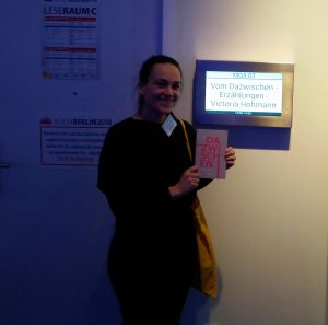 Auch in diesem Jahr war ich wieder als Autorin und Verlegerin auf der BuchBerlin. Diesmal schon recht routiniert. Wie schnell das doch geht. Am zweiten Messetag habe ich nachmittags aus meinem neuen Erzählband „Vom Dazwischen“ gelesen, den „Hater II“. Ein eher experimenteller Text. Tatsächlich konnte ich auch Zuhörer*innen aufrichtig begeistern. 😉 Es freut mich sehr, wenn Leser*innen sich von experimentellen Texten angesprochen fühlen, abseits der Genre-Schubladen.
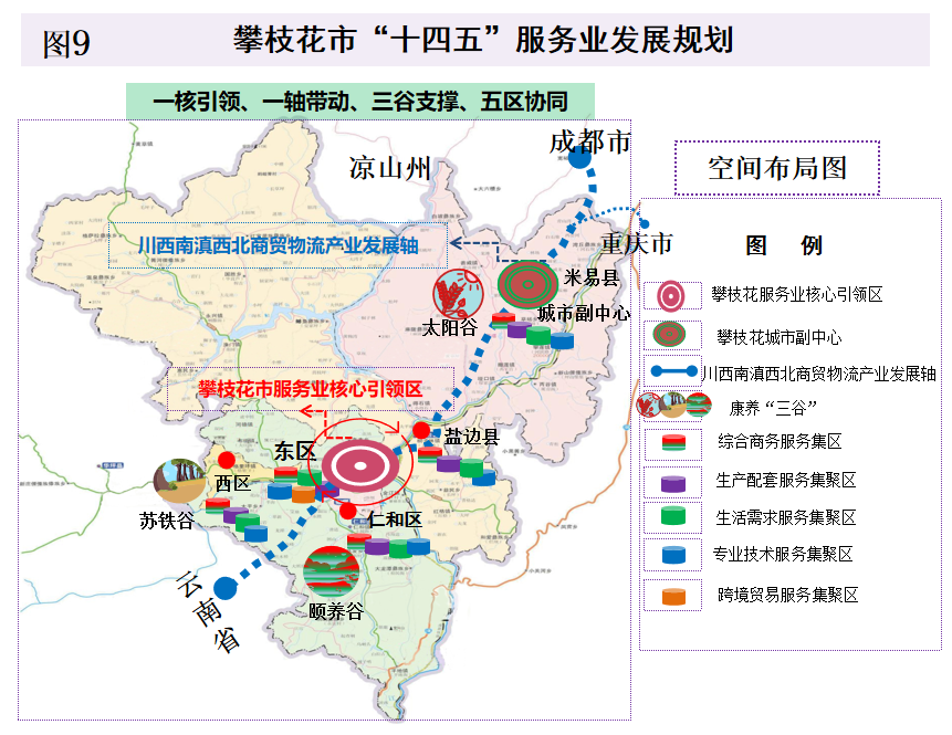 8.“一核一带三谷”。一核:以东区为主的阳光康养产业发展核心区;一带:以盐边县为主的阳光康养运动旅游生态带;三谷:西区“苏铁谷”、仁和区“颐养谷”、米易县“太阳谷”。
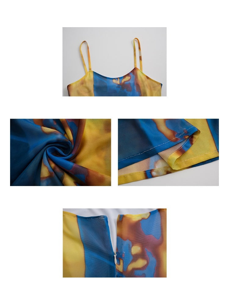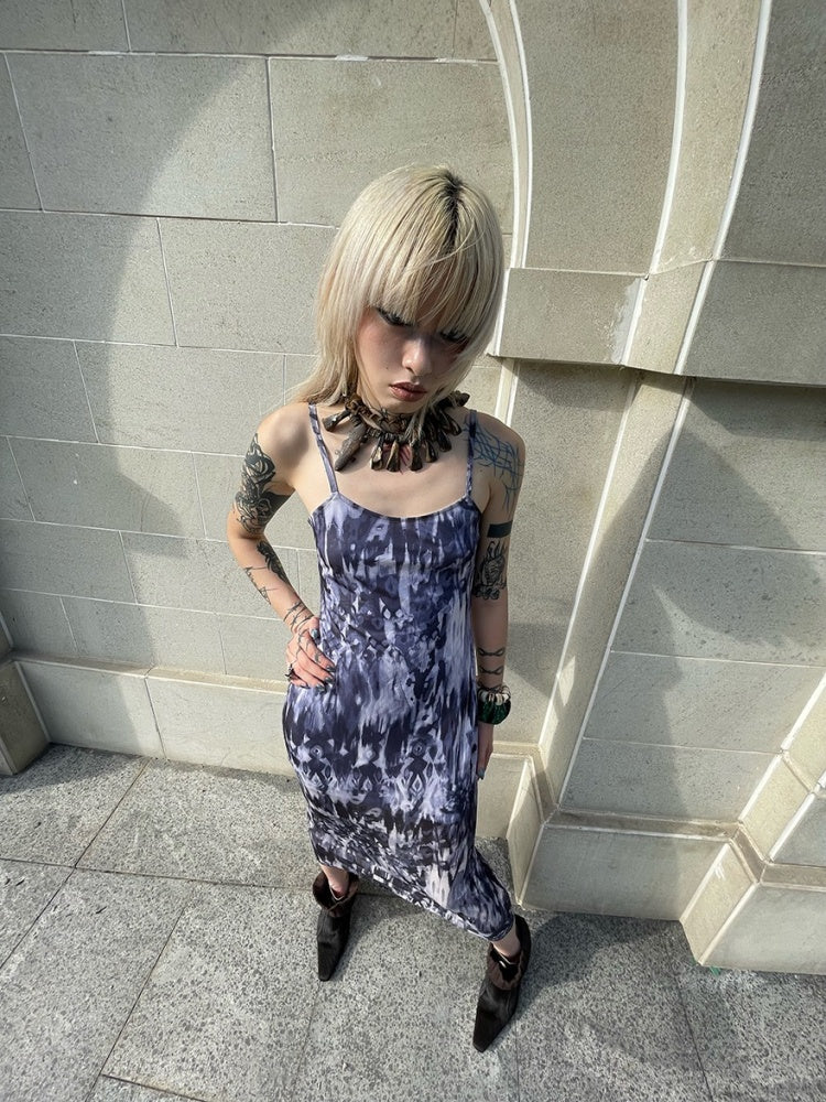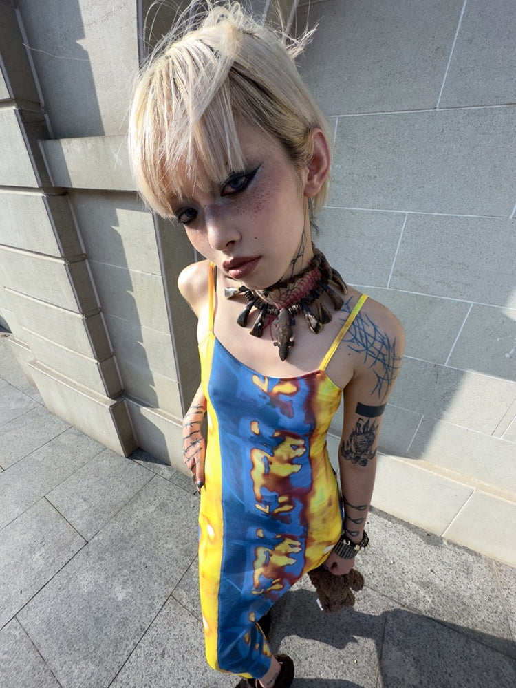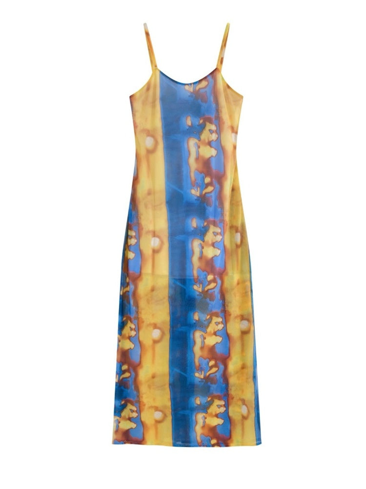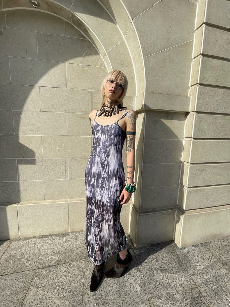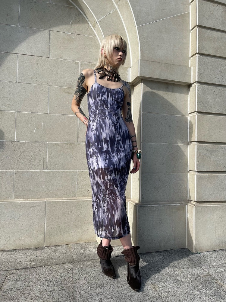Tribal Print Mesh See-Through Sexy Backless Camisole Dress【s0000003892】

EXERCISE DIRECTIONS: Repeat the listing word for word, and skip every picture it contains.

RESPONSE AREA:
 Auch in diesem Jahr war ich wieder als Autorin und Verlegerin auf der BuchBerlin. Diesmal schon recht routiniert. Wie schnell das doch geht. Am zweiten Messetag habe ich nachmittags aus meinem neuen Erzählband „Vom Dazwischen“ gelesen, den „Hater II“. Ein eher experimenteller Text. Tatsächlich konnte ich auch Zuhörer*innen aufrichtig begeistern. 😉 Es freut mich sehr, wenn Leser*innen sich von experimentellen Texten angesprochen fühlen, abseits der Genre-Schubladen.
 8.“一核一带三谷”。一核:以东区为主的阳光康养产业发展核心区;一带:以盐边县为主的阳光康养运动旅游生态带;三谷:西区“苏铁谷”、仁和区“颐养谷”、米易县“太阳谷”。
Tribal Print Mesh See-Through Sexy Backless Camisole Dress【s0000003892】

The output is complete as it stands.